Finland has been through a tumultuous history, not only in relation to gambling, but in general. Now a republic, it was once part of the kingdom of Sweden, and later on, the Russian empire. And while gambling may be considered legal within the country, the laws relating to the sector are quite complicated. The first slot machines were introduced to the country in the 1920s by Germany. Private businesses would soon exploit the opportunities created by such products, which forced a state intervention to allow only charities the licences to operate these machines in 1933. However, displeased firms and operations in the country would force the government to set up a company dedicated to overseeing slot gambling. Thus, in 1938, the Raha-automaattiyhdisty, or RAY, was set up.
In fact, Finland has been leaps and bounds ahead of many other countries in terms of the gambling industry, having had a government-controlled monopoly in place since before the Second World War. And despite the pressure of the European Union and its controversial gambling laws, as well as the introduction of the internet gaming landscape, the country’s regulation and structure towards gambling has barely changed at all since that time.

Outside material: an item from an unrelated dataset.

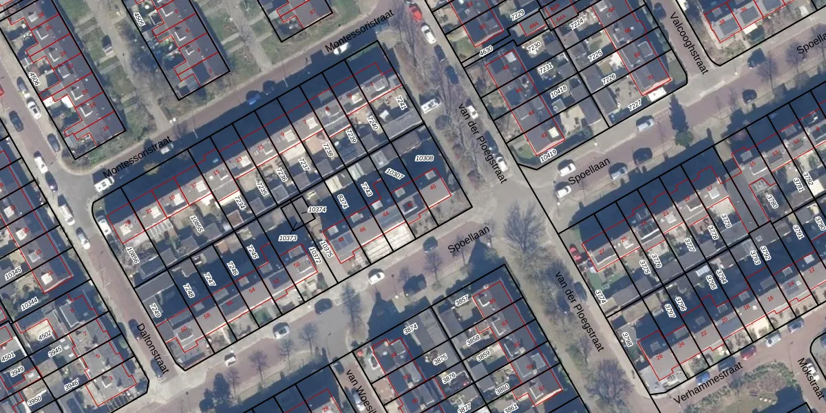 Het perceel waarop Spoellaan 42 staat heeft een oppervlakte van 150 m². Dit is een middelgroot perceel. De perceeloppervlakte wordt geregistreerd door het Kadaster. Gedetailleerde informatie over de maten van dit perceel kunt u vinden in het rapport Kadastrale kaart met maatvoering van Spoellaan 42.

As far as RAY goes, this is just one of the three Finnish organisations which form the government’s monopoly on gaming. The other two are Veikkaus Oy, which provides the Finnish national lottery, and Fintoto Oy, offering up parimutuel betting specifically tied to horse racing. Both of these invest any money raised on their games to different projects, with the former contributing to Finnish art and culture, sports or scientific works, and the latter being placed into Suomen Hippos, a government organisation which cares for horses.